One site which escaped destruction by settlement was uncovered in the past few years with the aid of modern technology around Tel Yizrael, in the Galilee.
So much archaeology has been focused on this tel, site of the biblical city of Jezreel. Tel Yizrael was continuously occupied until today, and as such, is not only studied but confused by the destruction which comes with settlement. Stones from the biblical period were used by the Romans. There was a Byzantine settlement described there in the writings of Eusebius. The Crusader castle of LaPetit Gerin (Small Jenin) took advantage of the detritus of the past in its construction. All of the building materials were incorporated into an Ottoman village which claimed that its tower was from the times of King Ahab (and perhaps some of the stones were). After that village was abandoned during Israel’s Independence War, it was replaced by the kibbutz of today, which only built over part of the ancient tel. Layers of different civilizations mixed together due to repeated settlement making for a rich site, but also a headache for archaeologists.
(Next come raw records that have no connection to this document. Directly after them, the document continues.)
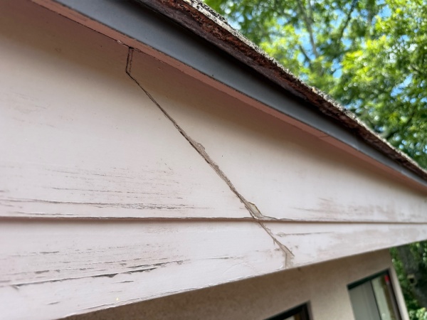 K様邸 外壁塗装工事のご紹介 屋根の重ね葺き工事に合わせて外壁塗装工事も施工させていただきましたのでご紹介させていただきます。 【施工前】 調査を進めていくとクラック(ひび割れ)箇所も多々見られます。 微細なクラックなどはゴムのような弾力性のある下塗り塗料を選定し施工を進めていますのでご安心ください。 こちらは破風板のビフォーアフターになります。 【Before】 【After】 今回は雨どいの交換もさせていただいております。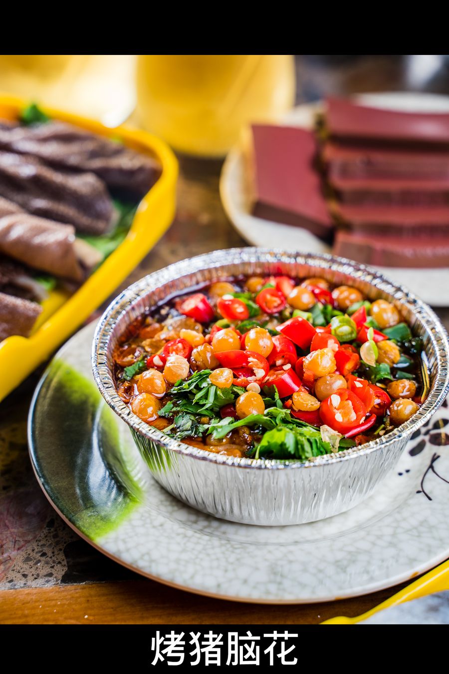 老板实力推荐这款烤猪脑花,猪脑花是店里独家配方炙烤的,嫩滑的猪脑与辣椒相交融,入口即溶,那种细腻幼滑。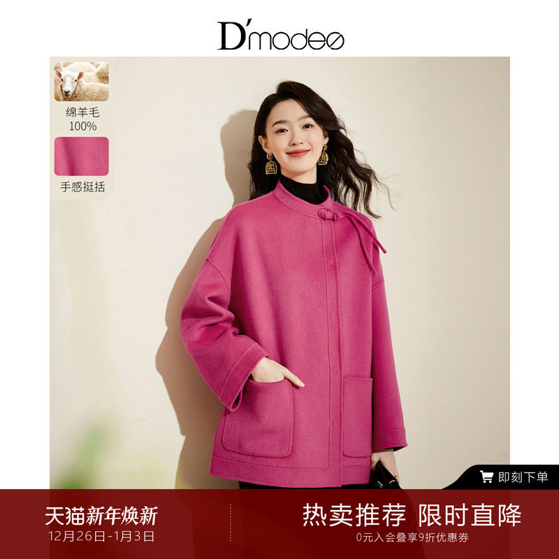DPLAY红色千金感羊毛混纺斗篷大衣女2025冬新款气质毛呢大衣外套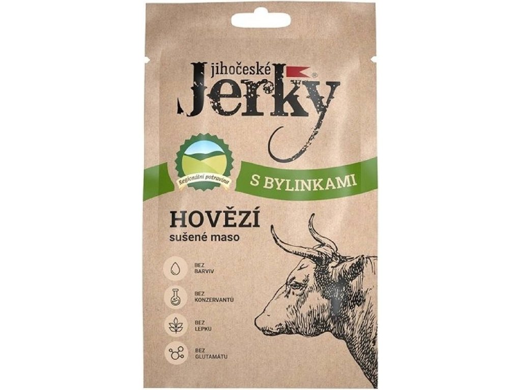Sušené maso, jerky z hovězí maso s bylinkami jemně ochucené solí. Bohaté na proteiny, mimořádně lahodné chutě. Lahodná svačinka, když vás dožene malý hlad.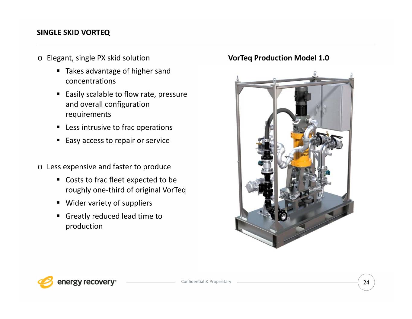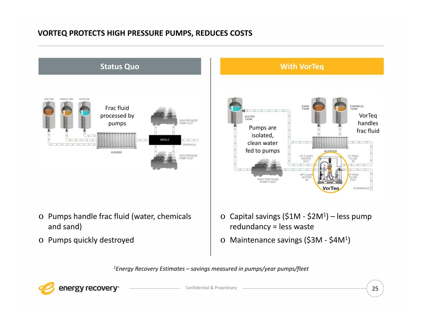 SINGLE SKID VORTEQ o Elegant, single PX skid solution VorTeq Production Model 1.0 . Takes advantage of higher sand concentrations . Easily scalable to flow rate, pressure and overall configuration requirements . Less intrusive to frac operations . Easy access to repair or service o Less expensive and faster to produce . Costs to frac fleet expected to be roughly one‐third of original VorTeq . Wider variety of suppliers . Greatly reduced lead time to production Confidential & Proprietary 24

Recent finds have focused on an additional settlement down the hill around the Jezreel Spring, Ein Yizrael, which has remained untouched since the 7th century C.E. (We see in the photo the trees around the spring, and to the right, the area of the tel.) Tel Ein Yizrael was first settled around 5000 B.C.E., predating by 1000 years the city on the top of the tel. Like Tel Yizrael, this settlement enjoyed the location at the junction of the main superhighway connecting Egypt and Mesopotamia and the local route, the Spine Route, connecting the cities in Israel’s hill country. It also benefited from close proximity to the spring. The largest settlement period was during the time of the large cities, 3300-2200 B.C.E. However, since the 7th century C.E., Tel Ein Yizrael has been abandoned. Whether is was the earthquake of 632, or a change in political climate with the conquest by the Moslems, or global warming, the residents of Tel Ein Yizrael left their town and their fields. Because no buildings were erected or plow was drawn over the site, it remained for archaeologist Nehemia Tzuri to be the first to discover this settlement in the 1950’s. He did not dig here at all and left that work for archaeologists Norma Franklin and Jennie Ebeling to come with modern aerial imaging, following an ancient footpath from Tel Yizrael to once again look into this window to the past. Since 2012, Tel Ein Yizrael has been giving up its secrets to the archaeologists, after being well preserved by centuries of neglect.
Walking around Israel we are aware of the many settlements from the past which are visible to the eye, but those which are hidden and neglected are still keeping their secrets.